What you need to do
Using the listing below, output only the lines from the one that contains "野呂 イカ男さんを姓名の画数から五運を鑑定" through the one that contains "For decoration or", inclusive, exactly as given and without images.

Input data
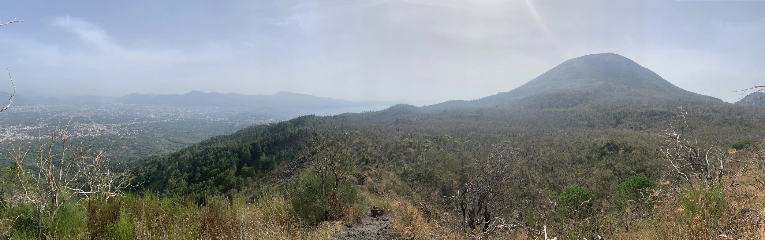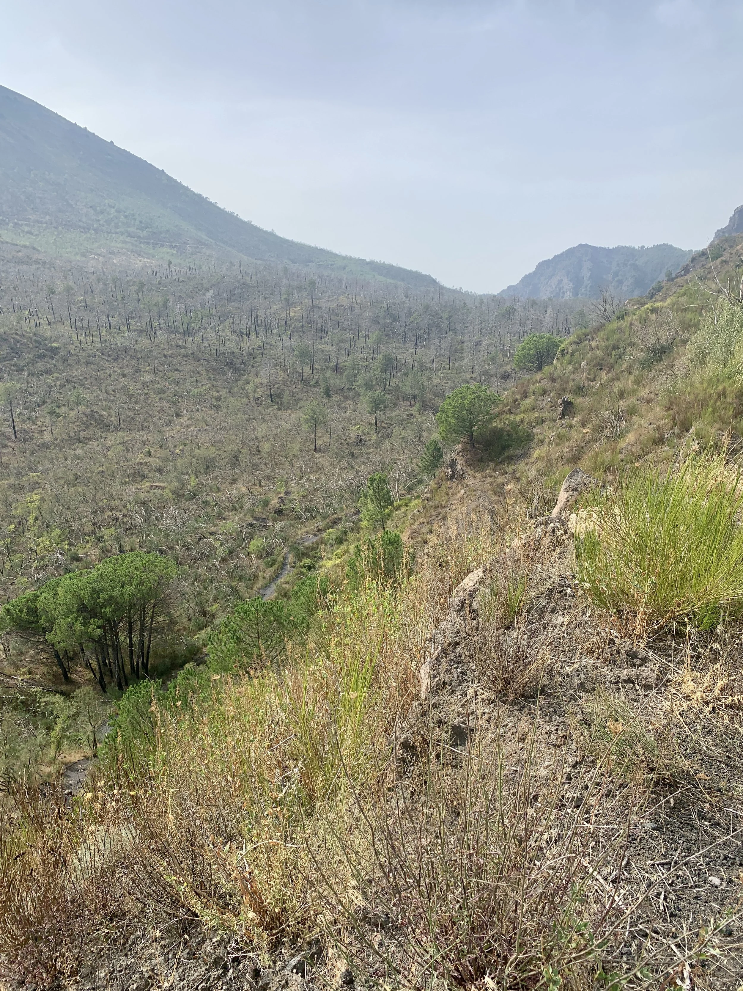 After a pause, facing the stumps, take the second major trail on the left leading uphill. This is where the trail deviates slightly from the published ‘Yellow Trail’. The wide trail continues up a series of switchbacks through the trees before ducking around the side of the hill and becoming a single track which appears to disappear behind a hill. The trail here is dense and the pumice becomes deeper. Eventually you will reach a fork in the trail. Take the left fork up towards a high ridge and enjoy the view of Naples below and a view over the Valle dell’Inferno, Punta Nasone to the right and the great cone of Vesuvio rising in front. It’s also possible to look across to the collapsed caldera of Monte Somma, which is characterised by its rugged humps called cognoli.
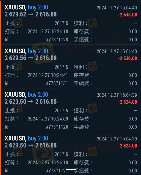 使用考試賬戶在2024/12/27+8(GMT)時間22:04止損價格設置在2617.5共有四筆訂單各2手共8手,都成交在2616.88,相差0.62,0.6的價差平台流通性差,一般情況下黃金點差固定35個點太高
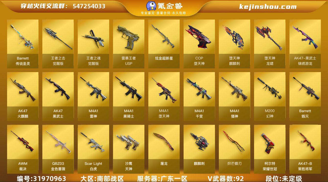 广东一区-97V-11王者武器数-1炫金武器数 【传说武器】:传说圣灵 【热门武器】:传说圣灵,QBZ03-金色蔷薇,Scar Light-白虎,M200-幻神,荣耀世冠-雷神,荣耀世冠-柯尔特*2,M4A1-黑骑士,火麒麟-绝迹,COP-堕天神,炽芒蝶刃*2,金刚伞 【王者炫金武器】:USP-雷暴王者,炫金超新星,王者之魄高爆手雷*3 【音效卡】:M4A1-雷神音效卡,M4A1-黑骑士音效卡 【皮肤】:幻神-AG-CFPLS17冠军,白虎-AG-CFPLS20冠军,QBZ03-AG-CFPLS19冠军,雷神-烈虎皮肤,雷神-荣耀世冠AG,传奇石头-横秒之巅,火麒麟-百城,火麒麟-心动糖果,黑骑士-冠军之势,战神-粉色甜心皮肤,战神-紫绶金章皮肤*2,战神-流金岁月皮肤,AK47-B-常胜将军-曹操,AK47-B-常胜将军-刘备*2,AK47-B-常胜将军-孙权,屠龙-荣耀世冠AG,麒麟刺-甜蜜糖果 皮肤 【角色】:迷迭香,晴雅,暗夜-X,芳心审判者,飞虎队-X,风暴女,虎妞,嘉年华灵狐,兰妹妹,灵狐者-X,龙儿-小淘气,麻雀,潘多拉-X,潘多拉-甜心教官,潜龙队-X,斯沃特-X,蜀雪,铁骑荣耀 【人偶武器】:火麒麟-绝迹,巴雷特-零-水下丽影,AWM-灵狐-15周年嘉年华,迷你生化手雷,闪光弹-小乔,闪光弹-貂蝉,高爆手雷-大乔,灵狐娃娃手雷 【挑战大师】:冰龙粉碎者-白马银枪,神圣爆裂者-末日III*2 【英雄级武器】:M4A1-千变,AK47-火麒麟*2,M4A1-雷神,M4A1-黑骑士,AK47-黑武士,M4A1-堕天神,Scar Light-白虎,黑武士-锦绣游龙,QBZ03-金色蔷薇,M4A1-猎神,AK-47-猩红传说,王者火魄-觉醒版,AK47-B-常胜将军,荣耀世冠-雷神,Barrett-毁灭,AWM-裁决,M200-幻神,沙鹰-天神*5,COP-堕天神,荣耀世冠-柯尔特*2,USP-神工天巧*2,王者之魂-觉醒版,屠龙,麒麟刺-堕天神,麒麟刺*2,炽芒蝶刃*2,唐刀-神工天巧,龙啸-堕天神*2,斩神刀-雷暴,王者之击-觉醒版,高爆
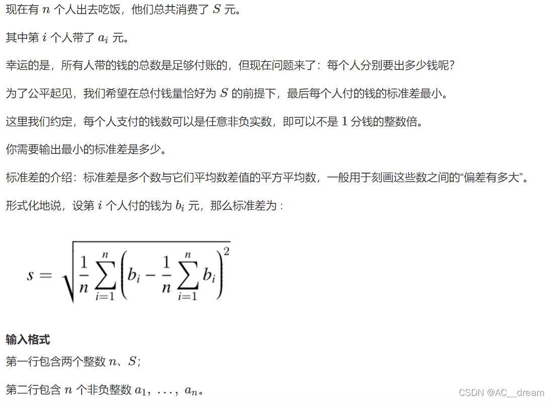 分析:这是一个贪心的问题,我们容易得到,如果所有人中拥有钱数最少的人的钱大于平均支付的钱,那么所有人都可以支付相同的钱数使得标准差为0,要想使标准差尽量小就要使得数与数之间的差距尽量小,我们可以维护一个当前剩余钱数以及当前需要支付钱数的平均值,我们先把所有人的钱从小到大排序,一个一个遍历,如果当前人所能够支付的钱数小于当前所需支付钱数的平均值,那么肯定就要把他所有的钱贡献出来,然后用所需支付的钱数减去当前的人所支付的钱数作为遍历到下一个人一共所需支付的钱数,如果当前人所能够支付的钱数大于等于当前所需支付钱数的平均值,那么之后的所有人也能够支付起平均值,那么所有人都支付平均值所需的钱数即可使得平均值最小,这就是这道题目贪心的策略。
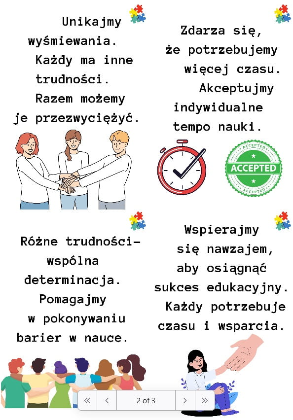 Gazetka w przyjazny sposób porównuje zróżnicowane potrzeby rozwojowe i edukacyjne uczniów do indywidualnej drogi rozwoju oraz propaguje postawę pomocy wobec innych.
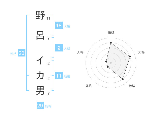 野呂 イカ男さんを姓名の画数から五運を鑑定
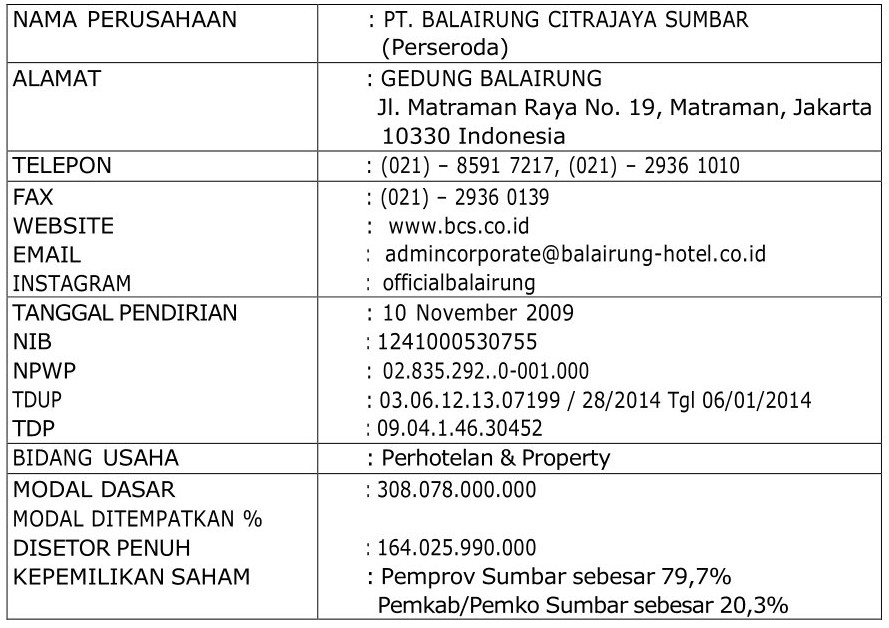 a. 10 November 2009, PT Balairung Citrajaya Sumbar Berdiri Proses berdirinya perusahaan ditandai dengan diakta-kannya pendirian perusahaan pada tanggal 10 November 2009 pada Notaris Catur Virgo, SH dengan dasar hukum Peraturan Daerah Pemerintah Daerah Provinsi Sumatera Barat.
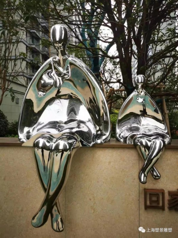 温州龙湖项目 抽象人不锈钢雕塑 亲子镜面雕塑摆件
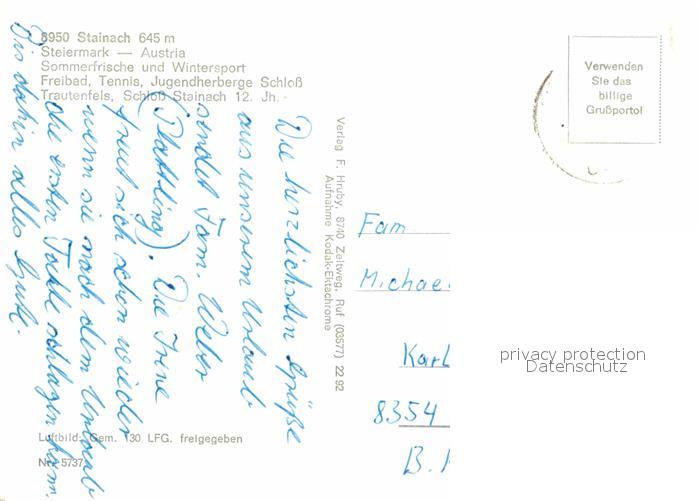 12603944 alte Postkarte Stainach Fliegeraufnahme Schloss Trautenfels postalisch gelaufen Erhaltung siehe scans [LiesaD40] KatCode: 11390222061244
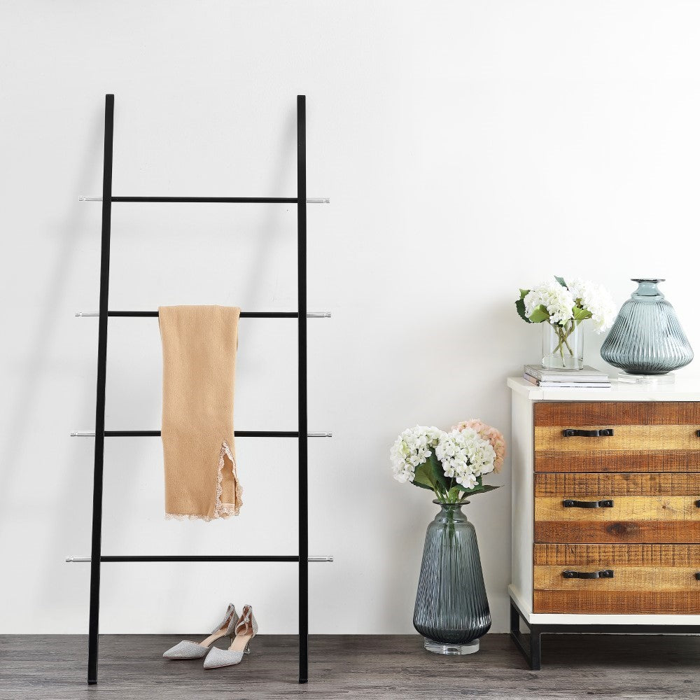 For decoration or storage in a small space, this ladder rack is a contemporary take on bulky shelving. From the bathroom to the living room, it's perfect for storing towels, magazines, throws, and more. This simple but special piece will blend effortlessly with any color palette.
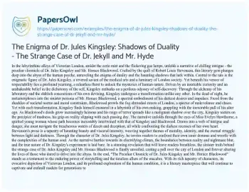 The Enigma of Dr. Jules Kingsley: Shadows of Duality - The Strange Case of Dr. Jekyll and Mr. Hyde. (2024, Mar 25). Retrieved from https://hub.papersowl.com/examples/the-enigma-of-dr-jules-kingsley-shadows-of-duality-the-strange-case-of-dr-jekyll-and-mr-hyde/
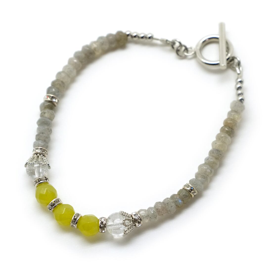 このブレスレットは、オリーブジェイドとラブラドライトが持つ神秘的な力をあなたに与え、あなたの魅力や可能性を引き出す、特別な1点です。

Answer to this task
 野呂 イカ男さんを姓名の画数から五運を鑑定
 a. 10 November 2009, PT Balairung Citrajaya Sumbar Berdiri Proses berdirinya perusahaan ditandai dengan diakta-kannya pendirian perusahaan pada tanggal 10 November 2009 pada Notaris Catur Virgo, SH dengan dasar hukum Peraturan Daerah Pemerintah Daerah Provinsi Sumatera Barat.
 温州龙湖项目 抽象人不锈钢雕塑 亲子镜面雕塑摆件
 12603944 alte Postkarte Stainach Fliegeraufnahme Schloss Trautenfels postalisch gelaufen Erhaltung siehe scans [LiesaD40] KatCode: 11390222061244
 For decoration or storage in a small space, this ladder rack is a contemporary take on bulky shelving. From the bathroom to the living room, it's perfect for storing towels, magazines, throws, and more. This simple but special piece will blend effortlessly with any color palette.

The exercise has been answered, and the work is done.